Days 30 to 33 and beyond

It's been over a week since I stopped walking and it still feels a bit raw to reflect back on my final four days. They were hard, but halcyon.

Arriving in Santiago felt like more of an ending to me than I expected, and getting up at 6 to walk on day 30 was a struggle. My body was definitely getting to the end of its ability to walk day after day, and I started to develop a shin splint in my left leg. Thankfully, the KT tape helped this time around, but it took us a long time to get through the first 33 km day, longer because of a pill mix up. Spanish ibuprofen looks remarkably like Canadian nyquil, and I neglected to tell Laura that I had both in my pack--the day was a bit of a blur.

After essentially camping out in a strange municipal by donation albergue with no supervision, we set off at 6:30 am for our longest day yet: a 40 km push that would allow us to take our time on a 15 km stretch to Fisterra the following day.

Although we had two walking days left, with various physical and emotional ending points along the way, I realize now that the 40 km walk to Cee and the ocean was more of a symbolic ending for me than any of the others. Together, we pushed our bodies to new limits, making a long decent to the Atlantic--all the more wonderful because we hadn't expected to see it until Fisterra.

The following 15 km day was like a dream. We walked slowly, taking our time to see and experience as much as possible, stopping at two glowing beaches along the way, one that we had to ourselves for a stretch. It felt incredible and impossible that we had come so far, mountains to seas.

I recognize now that I had been preparing myself mentally for some time for the walk to come to a close, trying to reconcile feelings of joy and sadness, fullness and brokenness, just as I had done throughout. How wonderful that the internal close to my journey came before the physical walk ended. I wasn't worried about the end. I just was--happy, alive, bright.

In comparison, arriving at the 0 km marker at Fisterra felt pretty meaningless to me, although the Cape itself was amazing. Looking out into empty ocean made me understand why they called this place World's End. Although I enjoyed the trip to Muxia on the final day--we sent our packs ahead so that we could walk free of physical burden--I didn't feel the need to be there in the way I had before, confirming for me that my Camino, at least this time around, had come to an end.

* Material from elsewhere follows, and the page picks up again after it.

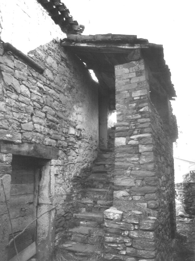 Edificio con pianta ad L a tre piani, in muratura di pietra listata; scala esterna di accesso con copertura in coppi; orizzontamenti in legno; copertura a due falde con manto in coppi. Unità collabente

How strange and surreal it felt, in the days after arriving in Muxia, not to get up and pack and walk, to travel back the way we had come in such a short time by bus, and not to push ourselves. Flying to Barcelona, further west even than we had began, in a matter of 2 hours was stranger still and left me feeling disoriented.

I am continually grateful for Laura's companionship on these final days. The ends of such intense experiences, even if they lead to new beginnings, can be emotionally challenging, but it was a gift to support each other during that ending time after going through so much together.

Much earlier in my journey, I spoke with Jonah about the pain of endings, and he wisely said that the spaces inside of us filled with love are sacred and don't go away when we leave a person or a place behind. Rather, we make new spaces, filling them with the abundance of love in our lives. Knowing that the time I have with a person or in a place is short--like the Camino, with its geographical and temporal end points--shouldn't hold me back from opening to love. As I return to life off the trail, I hope I can continue to step into the void--the places of vulnerability and unknowing--heart open, take in those moment of pure brilliance, cherish them, make spaces for them within myself, and let them go, even when it hurts.

On my final morning in Barcelona, heading to the airport bus with my pack at 4:30 am after a day and a half on my own in the city, I met a new friend who had just returned to our hostel from a night out. She hugged me, and as I began to leave, she said, "And she's walking again!" She was right, but walking or not, I'll be moving forward--learning, loving, and living through the full and broken moments on the way.

Our first view of the sea. 

Cee before the 15 km day. 




0 km. 



The lighthouse at Cape Fisterra. 

World's end. 

The sunset at Muxia. 
Day 30

Day 31

Day 33. There was so much going on after arriving in Fisterra that I forgot to take a photo on day 32.